In der 2. Session ging es um die cusanischen Spätschriften. Claudia D’Amico widmet sich De non aliud (3–20). Wie in anderen Schriften auch, so bezog sich Nikolaus mehrfach auf Dionysius Areopagita, den er »den Größten unter den Theologen« nennt. Ihm geht es darum, das Absolute aenigmatisch zu benennen. Non-aliud ist ein Name, der etwas benennt, das an sich unbenennbar ist, ein Prinzip des Seins und Erkennens (20). Kazuhiko Yamaki interpretierte De ludo globi und dabei das cusanische rotunditas-Denken als »Erklärungssystem des Schauens Gottes« (327–341), es führt zum Mittelpunkt Christus (336.340). Hans Gerhard Senger untersuchte die letzten Schriften des Nikolaus (259–277). Das compendium ist eine sehr kurze Anleitung und zugleich weiterführende Darstellung seines philosophisch-theologischen Denkens, es stellt eine Zeichentheorie auf, die als Erklärung für viele Themenbereiche dient, De apice theoriae hat als Thema »die Suche nach dem Seins- und Erkenntnisprinzip, das alles und jedes einzelne möglich macht« (268).

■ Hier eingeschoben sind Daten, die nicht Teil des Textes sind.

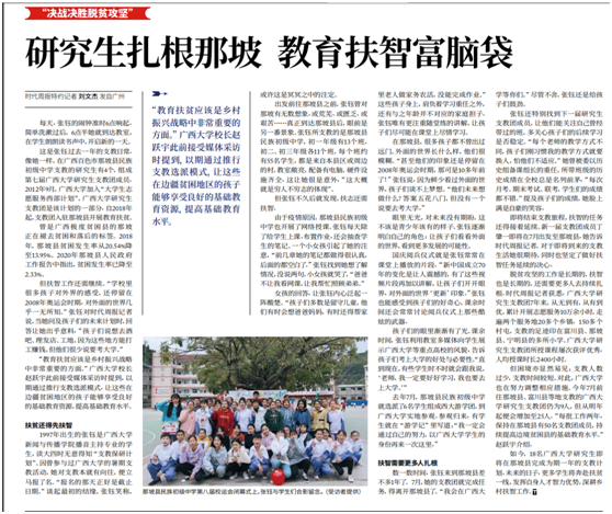 2020年6月30日出版的《时代周报》7版发表了特约记者刘文杰采写的深度报道《研究生扎根那坡 教育扶智富脑袋》一文,刘文杰也是公司2020届专硕毕业生。

Die 3. Session widmete sich dem Thema »Cusanus und die italienische Renaissance«, so Paul Richard Blum »Lorenzo Valla und Nicolaus Cusanus« (21–37). Beide teilten »ein scharfsinniges Interesse an der Reform der Kirche und der Sprache sowie grundsätzlich des Denkens«, ebenso an einer genauen Quellenforschung (21.24). Il Kim sprach über »The Lives of Alberti and Cusanus and Their Shared Objective«, dabei vor allem darüber, wie sich Albertis frühe Schriften in den späteren Schriften des Nikolaus widerspiegeln (197–212). Gianluca Cuozzo verglich das »theologische Infinitesimale« bei Nikolaus und Bruno (99–117). Beide berühren sich in der Unterscheidung eines »negativ Unendlichen« und eines »schlechten Unendlichen«, das Minimum fällt mit dem Maximum zusammen (100), Nikolaus betonte zugleich beider Nachwirkung auf Leibniz.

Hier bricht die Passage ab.